(Exercise data):
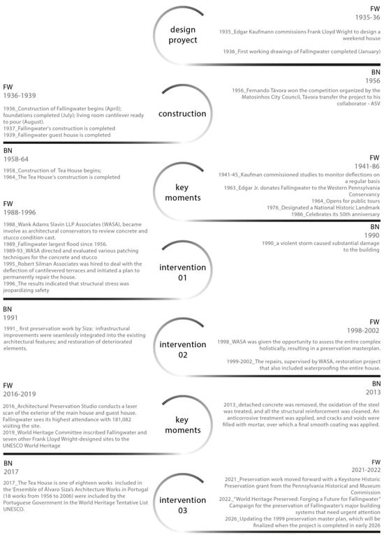 The choice of the works of Frank Lloyd Wright and Álvaro Siza Vieira intends to highlight the distinctiveness of their creations (Fallingwater and the Boa Nova Tea House) (Figure 1), their relation and proximity with water, and their underlying outstanding universal value (OUV). Fallingwater is included in the serial nomination “20th Century Architecture of Frank Lloyd Wright”, which was inscribed in 2019, and it was the first inscription of a modern building in UNESCO World Heritage for USA. The Tea House is part of the UNESCO nomination “Ensemble of Álvaro Siza’s Architecture Works in Portugal”, listed as a tentative candidate since 2017, and it could be the first inscription of a modern building in Portugal.
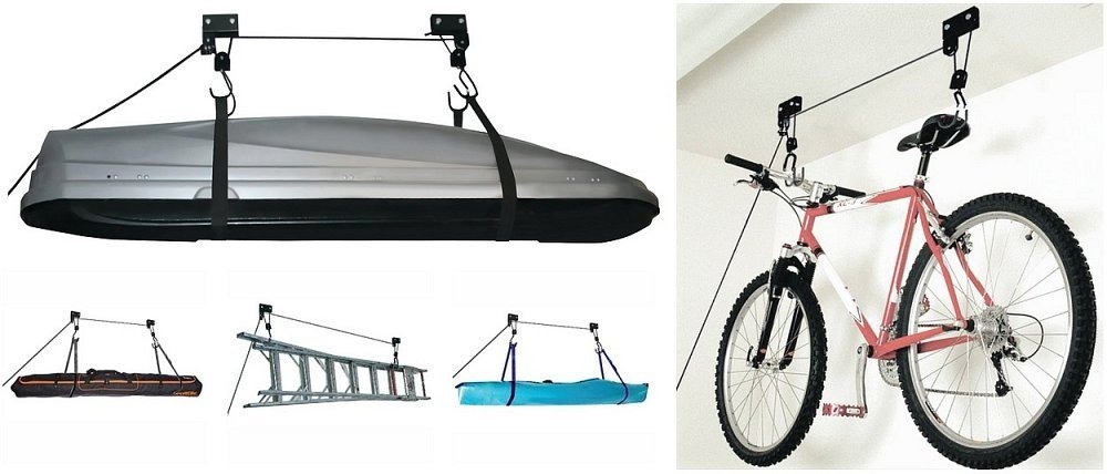 Držák funguje na principu kladkostroje a dokáže snadno zvednout střešní boxy, žebříky, lyže, jízdní kola, kajaky a další obdobné rozměrné předměty až do váhy 52 kg a umístit je pod strop místnosti s maximální výškou 4 m.
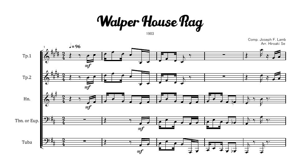 金管五重奏 ウォルパー・ハウス・ラグ
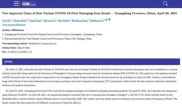 文章称,4月21日,广东省疾控中心收到样本后进行病毒分离和基因测序分析。4月30日,测序分析结论显示,这2个病毒基因组属于谱系P.1, 20J/501Y.V3,即2020年底首次在日本报告发现的巴西突变株。
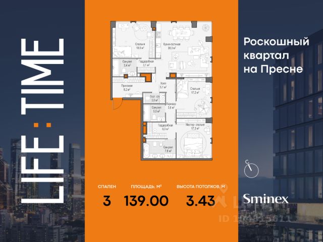 Уникальная квартира общей площадью 215,9 кв. м с личной террасой (40,1 кв. м), высота потолка которой достигает 10 метров. Терраса - отличное место для лаундж-пространства, где вы можете наслаждаться атмосферой загородного дома в самом центре Москвы. Панорамные окна и высокие 3,5-метровые потолки создают изысканное пространство, наполненное светом. Мастер-спальня станет вашим любимым местом в квартире, окна в гардеробной и ванной комнате превратят привычные процедуры в настоящий ритуал. Продуманное планировочное решение позволяет разместить три спальные комнаты с гардеробными и отдельными санузлами. А просторная кухня-гостиная (48,2 кв. м) станет точкой притяжения всей семьи, позволяя наслаждаться лучшими закатами Пресненского района. Life Time - роскошный современный квартал на Пресне, в наиболее быстро растущем премиальном районе ЦАО. Его насыщенная инфраструктура и выгодное расположение дарят время для жизни. Вы больше не тратите его на дорогу или ожидание, при этом ни в чём себе не отказывая. На территории предусмотрено всё для комфортной жизни: • двор-парк площадью 1,8 гектара с прудом и фонтанами; • Clubhouse - инфраструктурный центр в отдельном здании с исчерпывающими возможностями для спорта, отдыха и досуга только для жителей; • спортивная инфраструктура на улице и в помещении, в том числе бассейн длиной 25 метров, хот-таб, хаммам, сауна, бьюти-зона; • клубная гостиная с террасой; • всё для развития и досуга детей любого возраста, в том числе детский сад и школа. Life Time находится в центре сложившегося премиального района, в окружении многочисленных парков. Удобная транспортная доступность и прямой выезд на Звенигородское шоссе позволяют без проблем добраться до Садового кольца и Москва-Сити. Архитектурный стиль квартала - роскошный минимализм. Дома десятилетиями будут выглядеть современно.
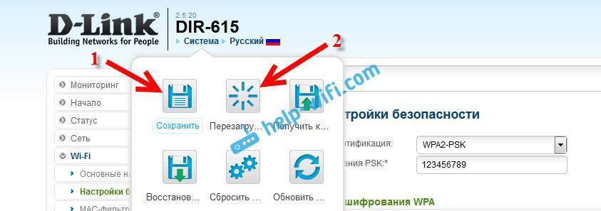 Дальше, наведите курсор на пункт меню Система (сверху). Сначала нажмите на кнопку Сохранить, а затем – Перезагрузить.
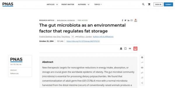 該實(shí)驗(yàn)通過對小鼠的研究,證實(shí)了腸道菌群可以調(diào)節(jié)小鼠的脂肪代謝、降低消耗脂肪的基因的活動(dòng)、升高合成脂肪的基因的活性、令動(dòng)物過度合成和積累脂肪。該篇論文是證實(shí)腸道菌群與肥胖之間聯(lián)系的開山之作,而在此之后,有大量科學(xué)研究都在進(jìn)一步鞏固這個(gè)結(jié)論:肥胖與腸道菌群有關(guān)。所以說,越減越肥的“易胖體質(zhì)”真的不怪你,都是腸道菌群在作怪。
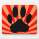 Uma pata de cachorro com feixes de luz em laranja e vermelho. Design original.
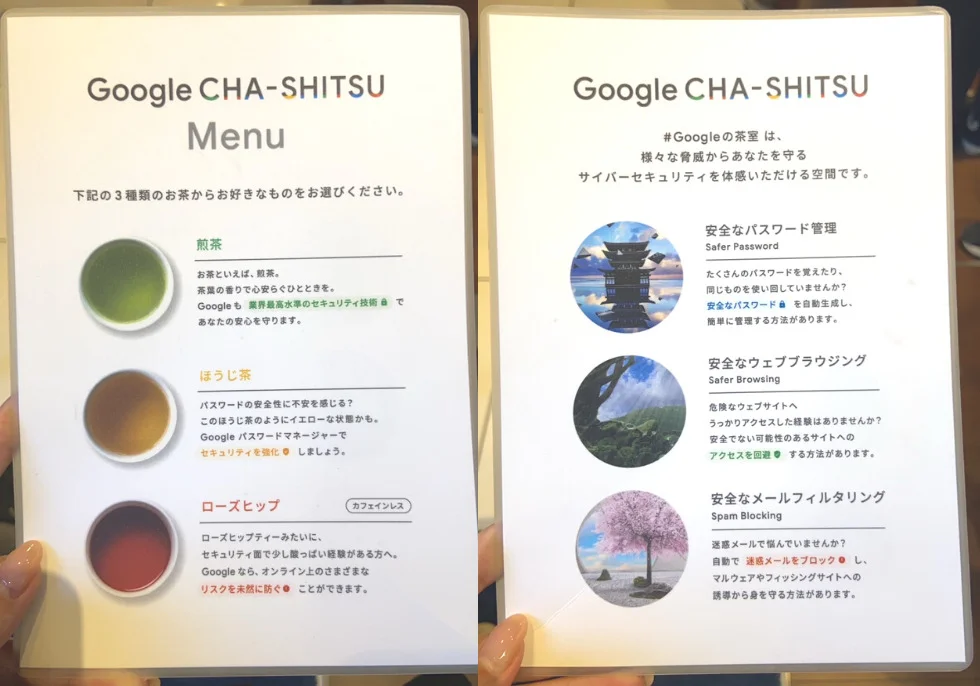 このイベントで味わえるのは、サイバーセキュリティを勉強しながら、煎茶、ほうじ茶、ローズヒップティーといった3種類のお茶を楽しむことができる新しい空間。最近では、リモートワークやシェアオフィスでの勤務も増え、社用のパソコンやスマートフォンを持ち歩く必要があったりと、セキュリティ強化の需要はますます高まっています。もちろんプライベートでもサイバー攻撃にあわないための対策が必要。情報収集の点からも、この茶室空間では、Googleのサイバーセキュリティを身近に感じることができます。

(Task instructions):
From the line that contains "Uma pata de" down to the final line of the entries above, please copy each line exactly, excluding pictures.

(Exercise result):
 Uma pata de cachorro com feixes de luz em laranja e vermelho. Design original.
 このイベントで味わえるのは、サイバーセキュリティを勉強しながら、煎茶、ほうじ茶、ローズヒップティーといった3種類のお茶を楽しむことができる新しい空間。最近では、リモートワークやシェアオフィスでの勤務も増え、社用のパソコンやスマートフォンを持ち歩く必要があったりと、セキュリティ強化の需要はますます高まっています。もちろんプライベートでもサイバー攻撃にあわないための対策が必要。情報収集の点からも、この茶室空間では、Googleのサイバーセキュリティを身近に感じることができます。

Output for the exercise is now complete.